I knew cooking French keto food in my kitchenette-less lower Manhattan apartment was a bad idea! I thought the smell would invariably attract a “dead” rat on my staircase or a family of roaches in my bathroom. But, no! It turned out that my French cooking brought home the scariest pest of NYC – a mouse!
As I was dealing with some health issues on a very quiet Sunday afternoon, I heard the shuffling noise of plastics from my pantry. It felt like a living thing, a lot larger than a roach, was going through my dry foods. First reaction – I froze. Second reaction – panic fueled with high adrenaline leading to me deliberately hopping in front of my pantry to scare the thing. It worked. A tiny, brown shadow ran from my pantry shelves towards my closet and disappeared under the darkness of the door.

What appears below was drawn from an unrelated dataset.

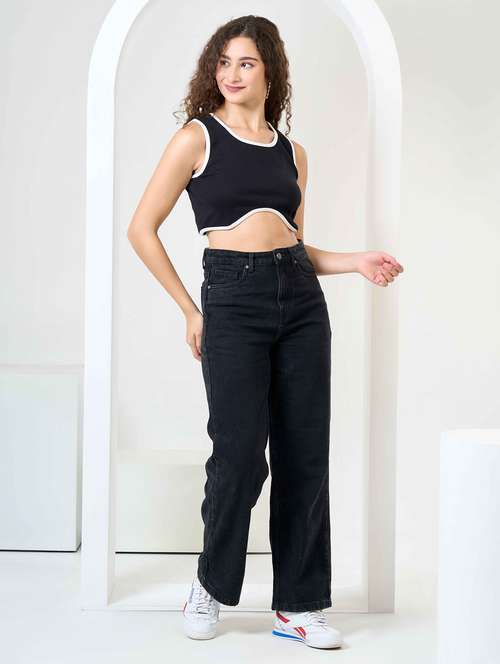 - Opt for this top made up of rib knit material and get it in a varied neck design.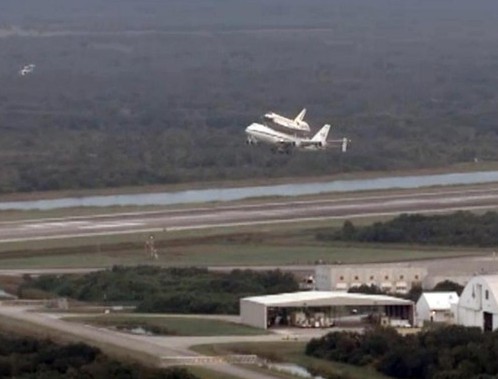This framegrab image provided by NASA TV shows space shuttle Endeavour atop NASA's Shuttle Carrier Aircraft, or SCA, at the Shuttle Landing Facility in the early morning hours at NASA's Kennedy Space Center on Wednesday, Sept. 19, 2012 in Cape Canaveral, Fla. The SCA, a modified 747 jetliner, will fly Endeavour to Los Angeles where it will be placed on public display at the California Science Center. This is the final ferry flight scheduled in the Space Shuttle Program era. (AP Photo/NASA-TV)

Dear Lord! I have a mouse!
I stood there strategizing my next move. I jumped up and down again and then quickly opened the closet door. Nothing happened. I pulled out the first thing I found – a black pair of jeans and a black shirt (yes, we wear a lot of black here in Manhattan). Then as soon as I was ready, I quickly looked up 5 ways to get rid of mice in NYC apartment on my phone – ultra-sonicator, mint oil, putting all grains and dry foods in hard plastic/metal containers, setting up traps and closing any and all cracks and holes in the apartment.
Easier said than done! After going through pest control isles of Home Depot, Target and Jack’s 99, I could only achieve 4 out of those 5. The ultra-sonicator was a complete fail. The mouse pretty much ignored the peanut butter in the trap and just searched for the bag of very greasy and salty potato chips it chewed through before. Of course, I threw that away the moment I found tiny pieces of plastic from the bag.

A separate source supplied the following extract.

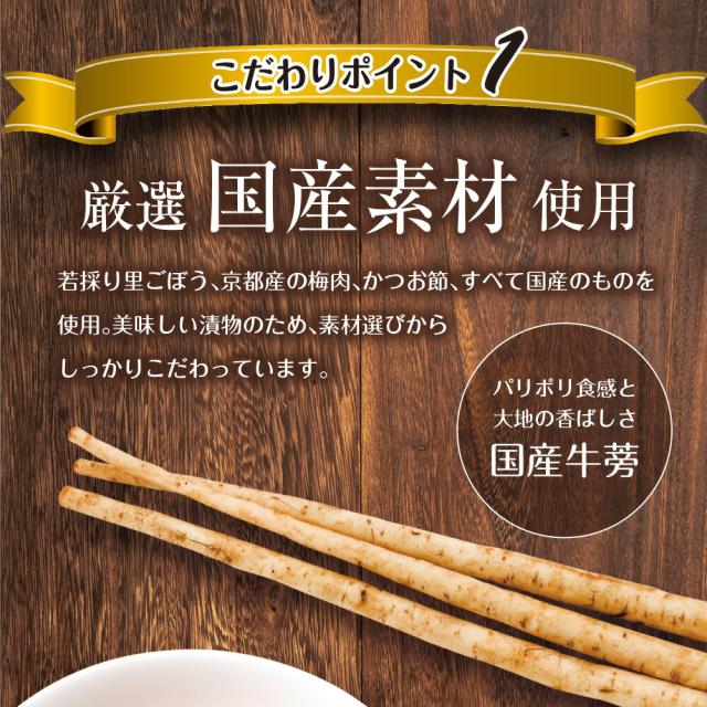 ごぼう(国産)、梅(国産)、漬け原材料[砂糖、ぶどう糖果糖液糖、醸造酢、かつお節、食塩]/酸味料

As I woke up the next morning, I could remember that I had a nightmare where the mouse jumped on my face trying to eat my eyelids! Feeling exhausted, I reached the lab. Surprisingly, my lab mates’ reactions cheered me up!
Soonhee, the visual researcher, immediately started looking for mouse traps on the internet! Her concern was how to get rid of the mouse alive or dead after it was caught.
Rosa, the Graduate student who turned down an offer from Cambridge to join Columbia, and who very closely reminds me of Phoebe Bouffe from “Friends”, because of her vegetarian diet, straight long hair parted in the middle and a tall, slim figure with a kind face, told me – “I had a mouse once.”
I asked, “Did your cats take care of the mouse?”
Rosa answered – “Dhru, you know me. I closed my bedroom door, shut the cats out and slept in the same room with the mouse to save him from my cats.”
Tetsu, the calmest of them all, a graduate student who just had a paper accepted in PNAS, said very slowly and softly – “You have a mouse? Is it a pet?”
I replied – “I wish! In that case it would be caged and be controlled! Now I’m just worried that it’s going to chew off my passport and visa!” – which invariably led to a discussion of international scientists and the anxiety related to their visa situations.
Zak, the F32-winning postdoc said, matter-of-factly, “Oh yeah, I had a couple of those at some point.”
My mouth fell open “A COUPLE?”
Zak laughed – “Of course! It’s New York! They were going for my almond butter.”
So, in summary, everyone who lived in New York permanently more than I ever have, encountered a mouse situation. This made me feel way better. Perhaps, I will be ok. Perhaps, the mouse will go away on its own if it doesn’t find any food.
I realized, now I truly, undoubtedly and irrevocably understand why they say this about New York – “if you can make it here, you can make it anywhere.”